Maria Hinze is a German visual artist with the main focus in painting and drawing. Born in Germany, she studied in Vienna at the Academy of Fine Arts under Walter Obholzer, in Leipzig at the Academy of Fine Arts in the class of Neo Rauch and Astrid Klein and in Düsseldorf in the class of Tal R. She has produced multimedia works and exhibited together with the light technicians Hans Leser (HAU) and Martin Schwemin (Rimini Protokoll) at Souterrain-Berlin, with filmmaker Johann Lurf and painter Florian Schmidt and other artists in the Pinacoteca Vienna.
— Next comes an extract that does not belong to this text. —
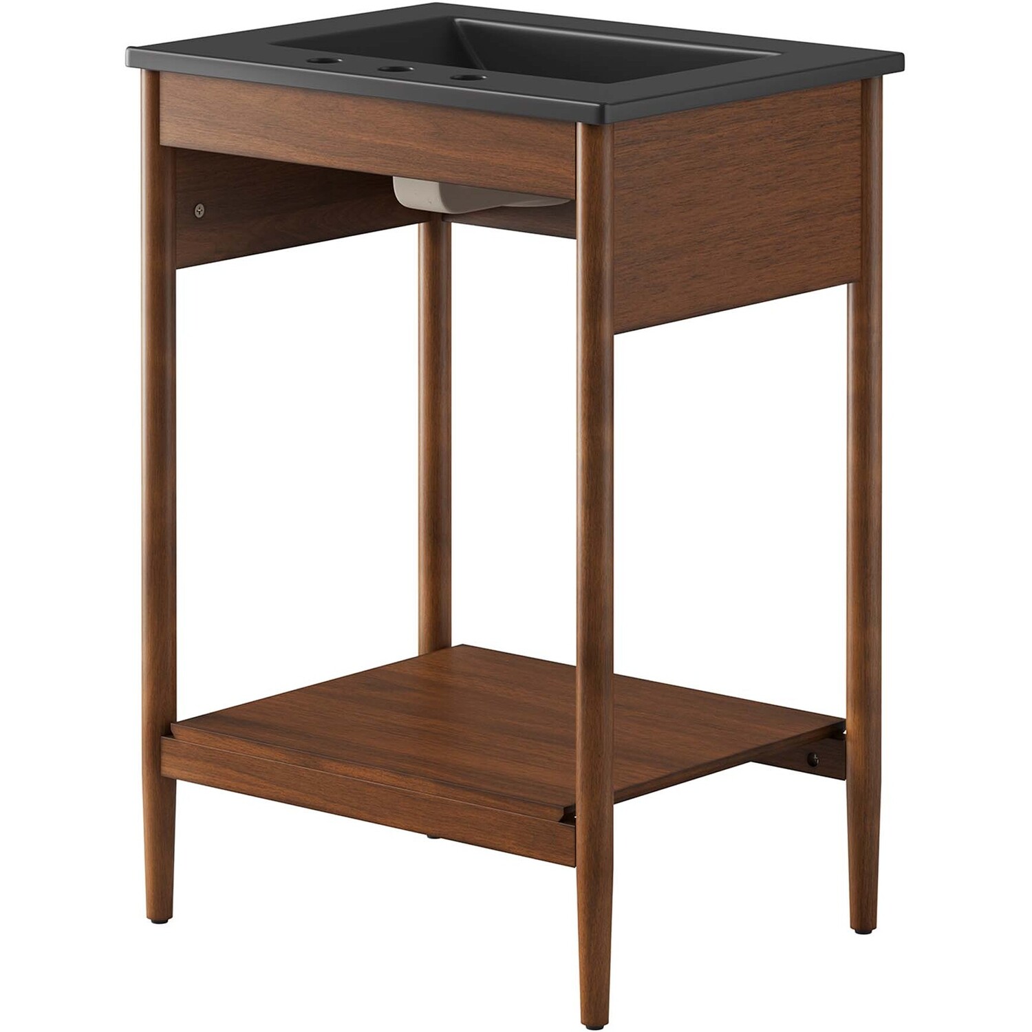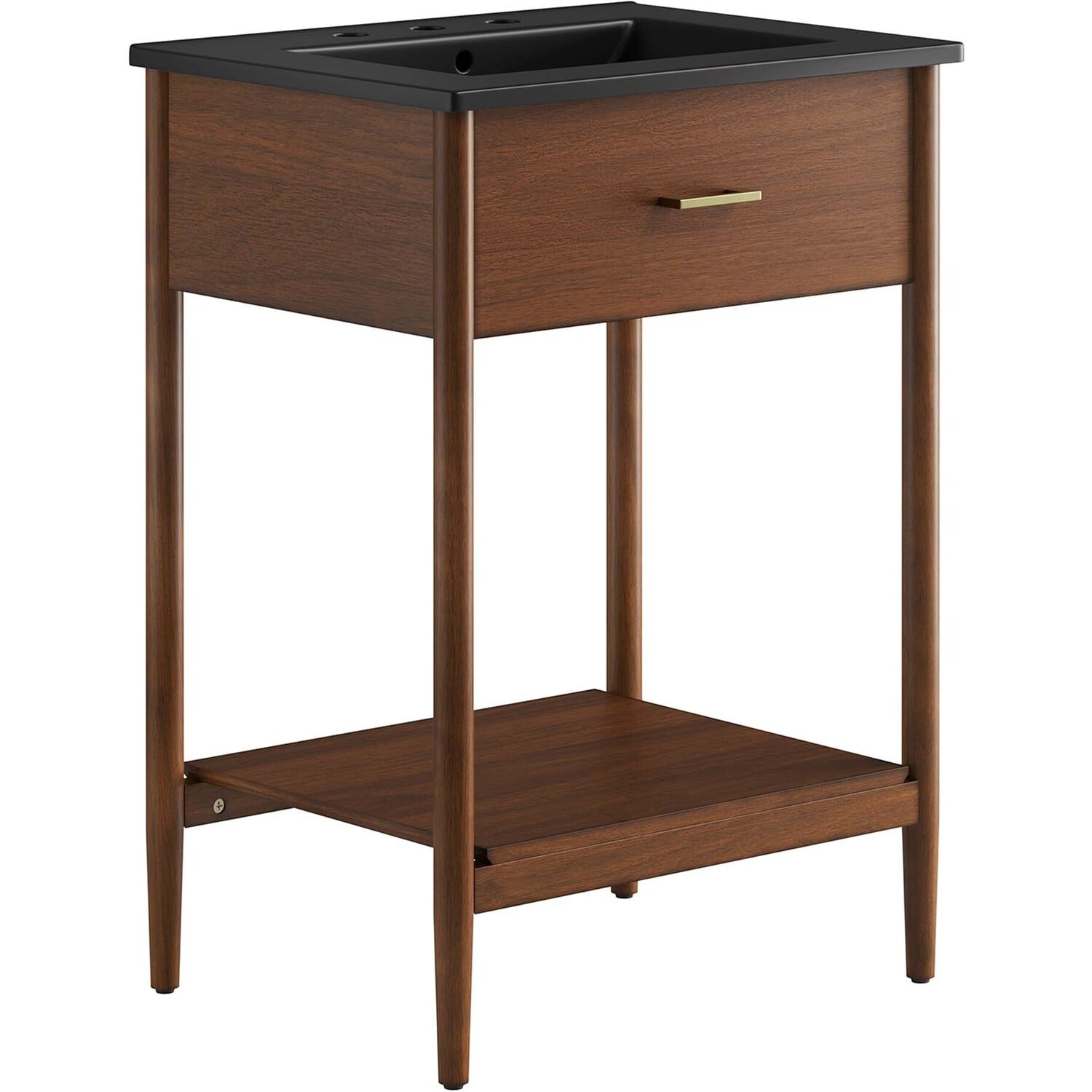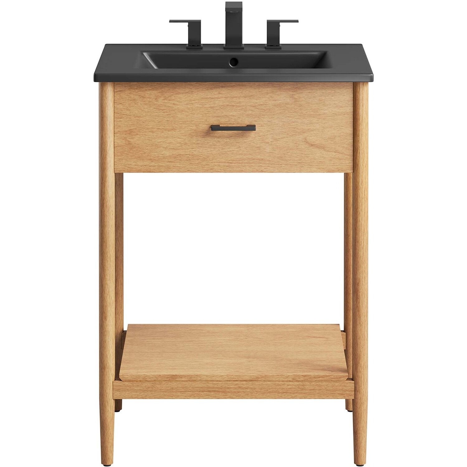 Infuse your bathroom decor with the subtle charm and simplicity of the Zaire 24” Bathroom Vanity. This exquisite washstand combines sleek, contemporary lines with the natural beauty of wood in an organic minimalist design. Crafted from MDF and solid rubberwood and topped with a wood grain veneer, this vanity’s design is emphasized by a metal handle pull on its fixed drawer, giving it a touch of urban chic. Below this, you'll find an open shelf, ideal for holding towels or showcasing your favorite decorative pieces. Featuring a sleek ceramic basin with 8" centerset holes and an integrated countertop, this vanity easily becomes a functional centerpiece in your bathroom. This vanity’s tapered wood legs are a modest and understated design choice that completes the overall simple mid-century aesthetic. Includes adjustable, non-marking feet for added stability and floor protection. Assembly required. Fixtures not included. Weight Capacity: 275 lbs.MDF and Rubberwood

She has worked on interdisciplinary projects with Raymond Pettibon (for the art book "Dem neuen Himmel eine neue Erde"), Simon Faithfull, Taka Kagitomi and Camilla Richter and musicians such as Etkin Cekin (Istanbul), Mike Moya (Montreal) and M. Rux (Berlin).

Life and career 
Hinze's artistic approach touches on contemporary and historical discourses about art and architecture, which she transfers into new formats, such as at the Archiv Massiv in Leipzig, at Acud Macht Neu and Plattenpalast in Berlin, the BMW branch at Alte Messe in Leipzig or at Haus Blumenthal, Händelallee 67 in Berlin's Hansaviertel district.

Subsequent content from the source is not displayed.